What's the point? Where do I see the holy in all of this... mess. This darkness, and pain, and consuming head game?
Three things:
1. Two sundays ago it came in the form of a hug from an 8th grade boy, thanking me for the opportunity to go serve the needy. A boy who for all intents and purposed hasn't really communicated with me that much and certainly does NOT express his feelings.
2. This past sunday it was a facebook status of a cousin-in-law talking about how great it was to participate in something I had poured my work into, and how fun it was just to see me and Chris for a few minutes in a busy day.
3. Today it was the excitment in the voice of a young girl who hadn't seen me in a while.
None of these three had I intentionally pursued to impact their lives or shower with love. But it just happened.
Maybe we get caught up in the love that people refuse to recieve and miss out on the ones we love without realizing it. Mother Theresa tells us, "In this life we cannot do great things. We can only do small things with great love." Perhaps it was too much to want to make this great gesture of love. Too much to handle that instead of seeing the log in their eye the sliver in my eye seemed so easy to criticize. It is far easier to hate than to love. But if I just continue to love... whomever, whenever... small things will bloom out of this love.
Today I see the holy in the things I dont even realize I am doing, in the people I dont even notice I am touching, in the ways in which the Spirit works through me without my knowing it.

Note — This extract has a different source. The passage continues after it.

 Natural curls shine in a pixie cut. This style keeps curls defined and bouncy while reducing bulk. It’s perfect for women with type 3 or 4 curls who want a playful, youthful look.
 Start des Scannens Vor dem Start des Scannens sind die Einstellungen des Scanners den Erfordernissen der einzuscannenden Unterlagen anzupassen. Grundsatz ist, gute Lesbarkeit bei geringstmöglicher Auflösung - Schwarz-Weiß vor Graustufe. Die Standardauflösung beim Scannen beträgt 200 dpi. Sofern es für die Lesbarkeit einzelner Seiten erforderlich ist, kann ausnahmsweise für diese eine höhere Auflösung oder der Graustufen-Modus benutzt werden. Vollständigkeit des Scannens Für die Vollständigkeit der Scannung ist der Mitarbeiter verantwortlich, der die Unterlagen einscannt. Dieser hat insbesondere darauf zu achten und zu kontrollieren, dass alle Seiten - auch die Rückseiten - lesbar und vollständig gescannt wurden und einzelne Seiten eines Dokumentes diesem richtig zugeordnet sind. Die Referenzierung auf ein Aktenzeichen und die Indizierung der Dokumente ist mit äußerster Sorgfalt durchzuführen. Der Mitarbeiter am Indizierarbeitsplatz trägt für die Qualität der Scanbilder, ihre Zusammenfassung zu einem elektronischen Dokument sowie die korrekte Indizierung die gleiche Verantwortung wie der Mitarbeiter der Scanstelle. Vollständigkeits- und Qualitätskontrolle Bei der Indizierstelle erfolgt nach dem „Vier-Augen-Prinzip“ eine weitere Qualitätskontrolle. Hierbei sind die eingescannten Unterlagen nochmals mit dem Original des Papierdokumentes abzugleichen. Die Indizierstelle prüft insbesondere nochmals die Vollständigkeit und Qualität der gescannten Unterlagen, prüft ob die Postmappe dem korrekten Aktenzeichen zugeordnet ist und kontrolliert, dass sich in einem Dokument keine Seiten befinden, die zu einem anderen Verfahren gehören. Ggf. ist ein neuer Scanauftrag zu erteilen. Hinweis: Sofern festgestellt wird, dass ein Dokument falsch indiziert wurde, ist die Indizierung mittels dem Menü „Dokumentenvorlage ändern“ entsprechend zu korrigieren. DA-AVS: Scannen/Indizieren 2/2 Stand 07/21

I think I will always worry about those who don't like me, but I'm going to have to go with the serenity prayer here:
God grant me the serenity to accept the things I cannot change;
courage to change the things I can;
and wisdom to know the difference.
Living one day at a time;
Enjoying one moment at a time;
Accepting hardships as the pathway to peace;
Taking, as He did, this sinful world as it is, not as I would have it;
Trusting that He will make all things right if I surrender to His Will;
That I may be reasonably happy in this life
and supremely happy with Him forever in the next.
Amen.
--Reinhold Niebuhr
Today I see the holy in the tears I have shed, knowing that they holy spirit is cleansing my heart of the hurt. Today I see the holy in this journey of self discovery, self evaluation, and the process of self betterment. I see the holy in the challenge to re-evaluate and fix whatever it was in me that has possibly hurt another person. I see the holy in the blessing of a moment to know that I have touched someone's life that might have gone unnoticed. I see the holy in the FACT the I live. I live well. And I am strong enough to live a life of Love.I hope and pray that I can continue to live a life of love that grows out of me like vines...

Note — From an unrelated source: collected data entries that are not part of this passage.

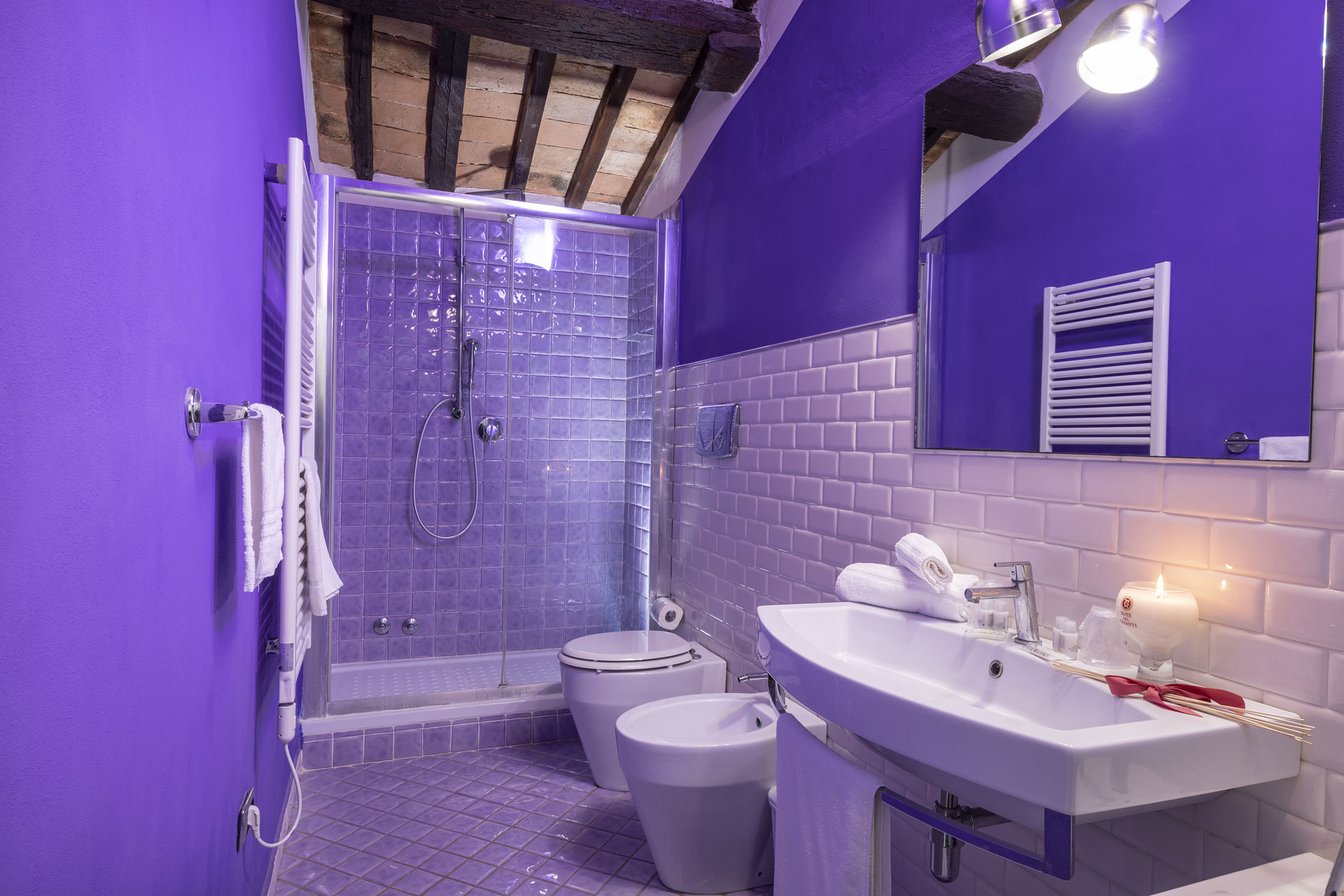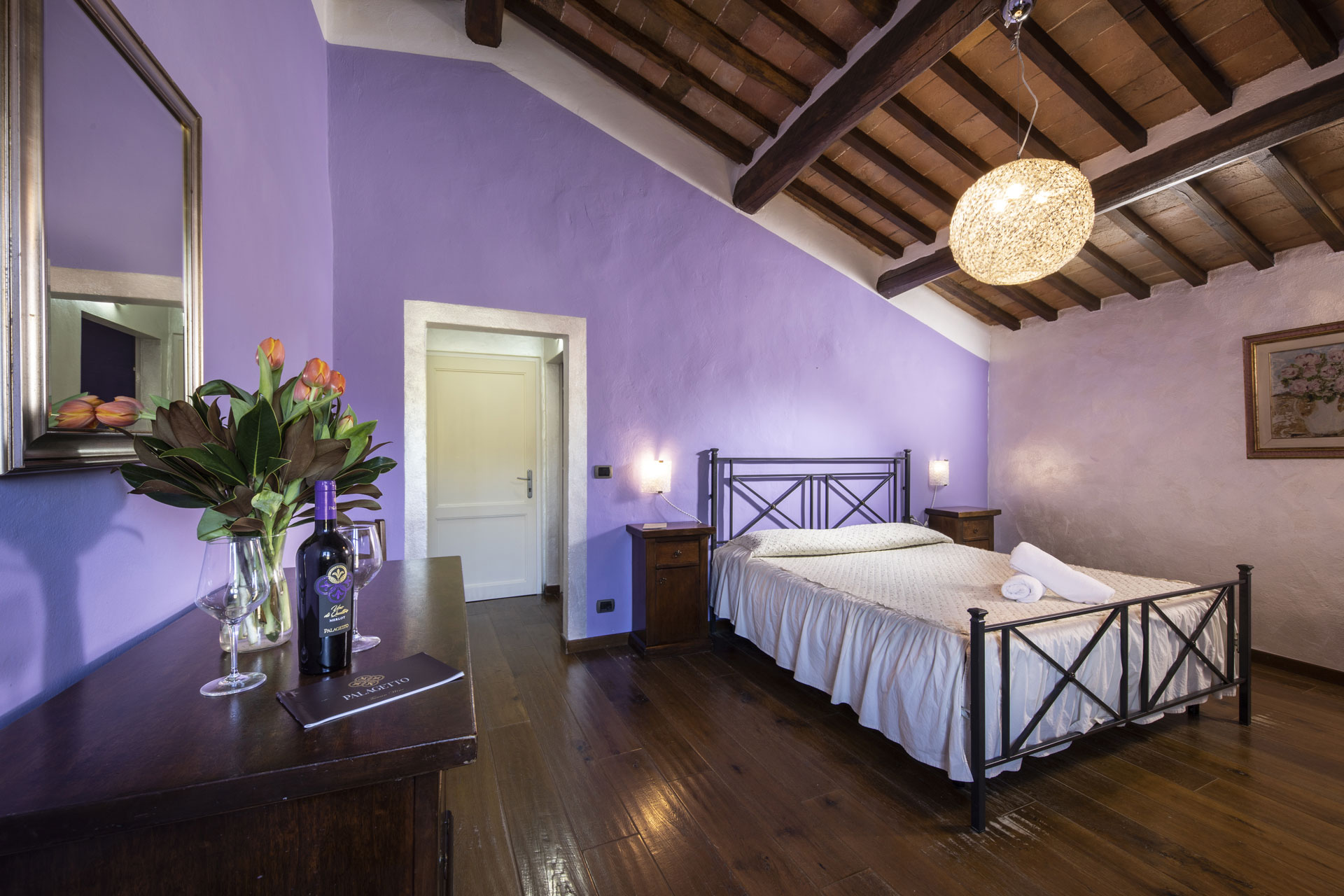 Located on the first floor, the Sangiovese Room is a charming and romantic double room in San Gimignano, offering guests an authentic Tuscan atmosphere and modern comfort. With its beamed ceilings, wooden flooring, and en-suite bathroom with shower, the room combines rustic elegance with understated luxury.
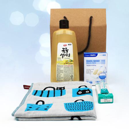 | 제품구성 | 주방필수품 애경 곡물설거지 주방세제 500ml + 대일밴드 아쿠아 방수밴드 오리지널 8매 대형4매 + 닥터스킨 상처연고 + 순면 캐릭터 주방타올 + 끈케이스 |
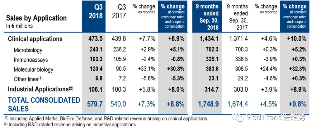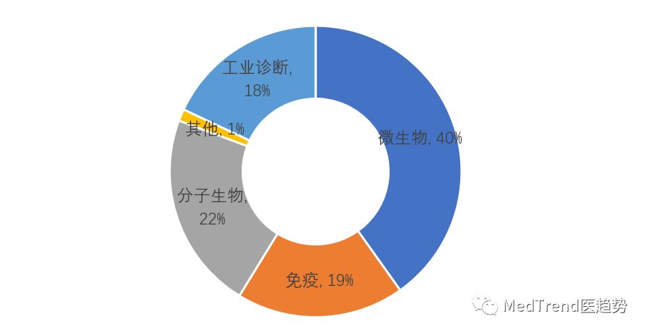 生物梅里埃公司董事长兼CEO Alexandre Mérieux 亲自出席会议并表示,“梅里埃方面会不遗余力地积极支持长光华医实施双方共同制定的五年行动计划,尽快达成两大目标。” 生物梅里埃的诚意,这大概是梅里埃能顺利参股长光华医的重要原因。 ▲生物梅里埃全球总裁Alexandre Mérieux 生物梅里埃发力中国二级市场 生物梅里埃为何选择了于2009年成立的长光华医? 生物梅里埃1963年创建于法国里昂,是最早进入中国市场的IVD巨头之一。生物梅里埃公司产品有两个应用领域 : 临床诊断产品和工业诊断产品。 ▲2018年Q3&9M 生物梅里埃营收数据 ▲2018年Q3&9M 生物梅里埃各业务占比数据 根据2018年Q3财报,截至9月底, 工业诊断产品:营收3.147亿欧元,同比+8.9%,仅占整体营收的18%。 临床诊断产品:营收14.341亿欧元,占整体营收82%的份额,是生物梅里埃营收的支柱。同比+10.0%,主要受到分子生物业务高达32.3%的高增长所驱动。 生物梅里埃的临床诊断产品主要包括传染病、微生物、心血管病和肿瘤病等四个领域。 生物梅里埃是微生物诊断领域的领导者。 微生物业务贡献了其营收的40%。VITEK®, VITEK® MS, API®, Previ® Isola, Previ® Color Gram, chromID® 是梅里埃的微生物系列品牌,包含了检测、识别和药敏反应。 免疫业务贡献了营收的19%,同比增长仅0.3%。核心机型为VIDAS系列的mini VIDAS和VIDAS 3,其主推项目为PCT和心标。 与此同时,生物梅里埃的免疫线已经多年没有新仪器出现,在现有仪器高速更新换代的情况下,生物梅里埃面临着沉重的压力。
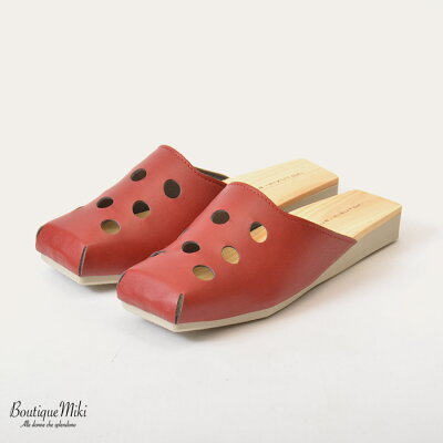 ひびのこづえ×水鳥 ひのきのはきもの PA-01 [パンチング・丸/赤] m+d 静岡産ひのき ルームシューズ オフィス 男女兼用 日本製 メンズ レディース 水鳥工業 和装 下駄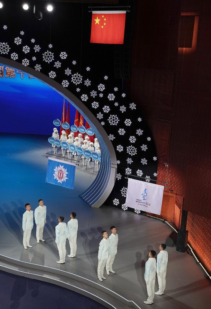 冰雪相約,同心筑夢(mèng)。27日20時(shí)許,“十四冬”閉幕式在呼倫貝爾大劇院開始。在歡快熱烈的氣氛中,各參賽代表團(tuán)旗幟入場(chǎng)。全體起立,奏唱中華人民共和國(guó)國(guó)歌。

Isn't that what Jesus wanted as well? For us to be the branches going out into the world to share his love? After the things said to me, the way people have acted I could just hole up and say "screw you world!" My vine could shrivle up and die. It would be easier. It would be so nice to not care about anyone and rather just worry about yourself. But the part that makes life worth living, is the part where you feel that heart-squeezing, self-crushing love. The thing that says it doesn't matter what happens for me in return this person, animal, being deserves to be loved.
Not singing for someone who has tears running down their face and thinking "Wow I must be amazing" but knowing that your music has given them some comfort that nothing else has.
Not giving a gift so that you can be the greatest person in someone's life, but rather to see that look of sheer joy on their face and know they feel important.
Not to get compliments, or praise, or thanks... but to know that one thing I may have done has made the world of someone else that much brighter.
I want to live simply to bring love... to be the encounter with the holy... in someone else's life.
When you stop believing in your heart,
you are but a sterile vessel wandering in the wilderness.”